> **Your goal**
Pictures excluded, output the lines of the data below between the one holding "68—69. Töredékek a" and the one holding "Ve městě Pána", inclusive, exactly as they stand.

> **Provided data**
......

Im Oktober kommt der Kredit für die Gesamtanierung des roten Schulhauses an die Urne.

......

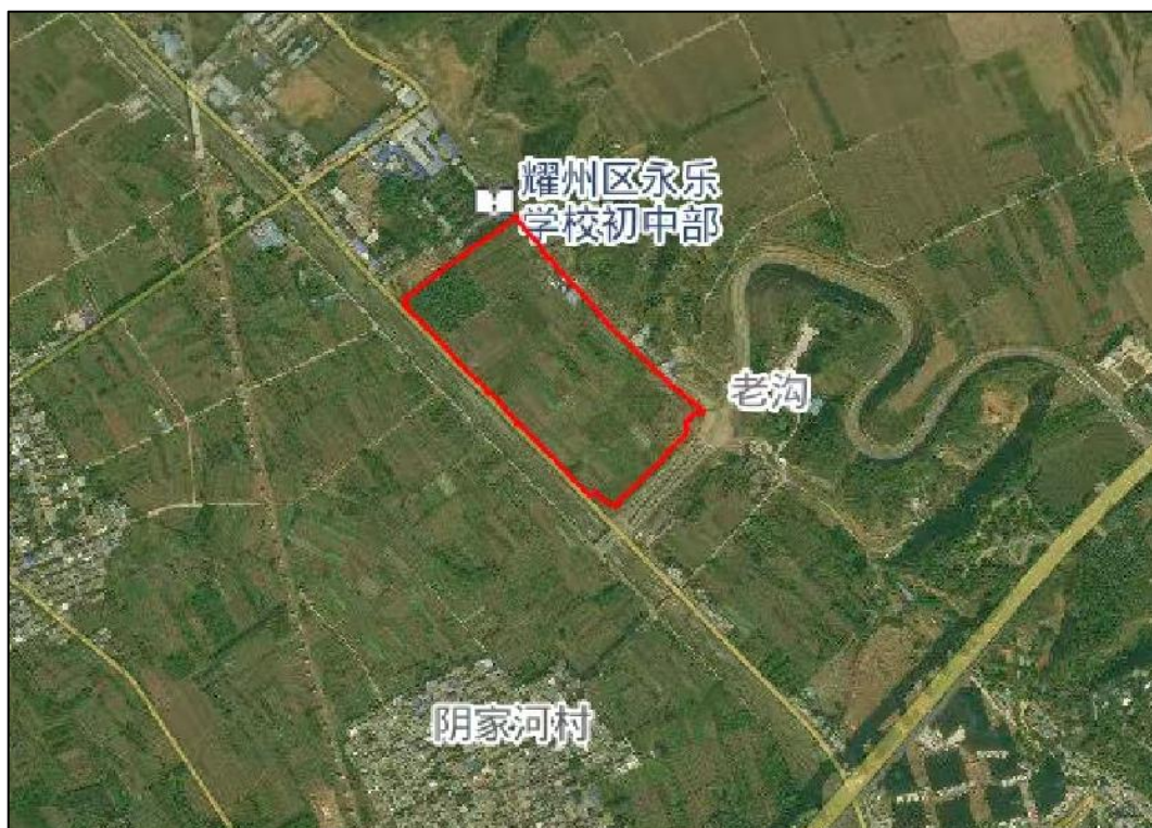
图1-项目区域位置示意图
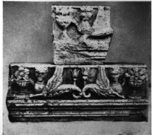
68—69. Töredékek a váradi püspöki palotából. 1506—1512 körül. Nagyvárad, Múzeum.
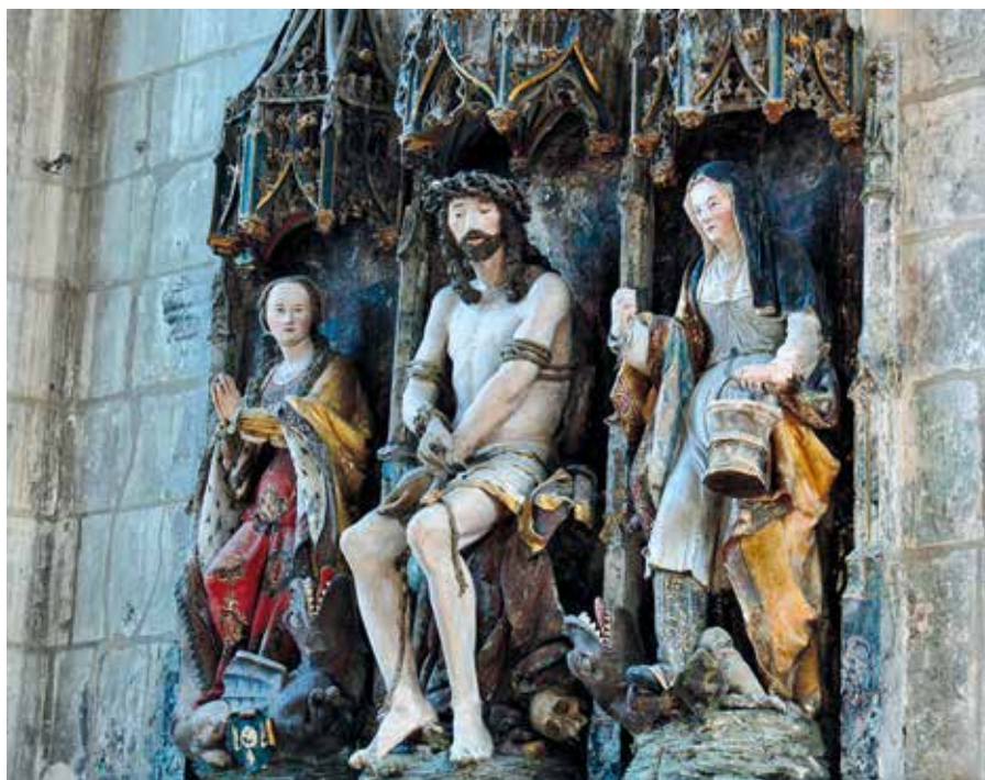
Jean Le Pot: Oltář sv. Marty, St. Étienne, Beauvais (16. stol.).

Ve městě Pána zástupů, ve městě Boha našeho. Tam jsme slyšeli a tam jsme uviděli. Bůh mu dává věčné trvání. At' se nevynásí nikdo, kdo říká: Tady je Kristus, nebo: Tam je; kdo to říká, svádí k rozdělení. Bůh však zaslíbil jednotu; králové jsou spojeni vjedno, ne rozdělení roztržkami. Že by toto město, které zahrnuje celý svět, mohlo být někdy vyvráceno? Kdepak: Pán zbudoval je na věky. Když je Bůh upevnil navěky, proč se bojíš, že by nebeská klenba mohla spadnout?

......

> **Answer below**
68—69. Töredékek a váradi püspöki palotából. 1506—1512 körül. Nagyvárad, Múzeum.
Jean Le Pot: Oltář sv. Marty, St. Étienne, Beauvais (16. stol.).

Ve městě Pána zástupů, ve městě Boha našeho. Tam jsme slyšeli a tam jsme uviděli. Bůh mu dává věčné trvání. At' se nevynásí nikdo, kdo říká: Tady je Kristus, nebo: Tam je; kdo to říká, svádí k rozdělení. Bůh však zaslíbil jednotu; králové jsou spojeni vjedno, ne rozdělení roztržkami. Že by toto město, které zahrnuje celý svět, mohlo být někdy vyvráceno? Kdepak: Pán zbudoval je na věky. Když je Bůh upevnil navěky, proč se bojíš, že by nebeská klenba mohla spadnout?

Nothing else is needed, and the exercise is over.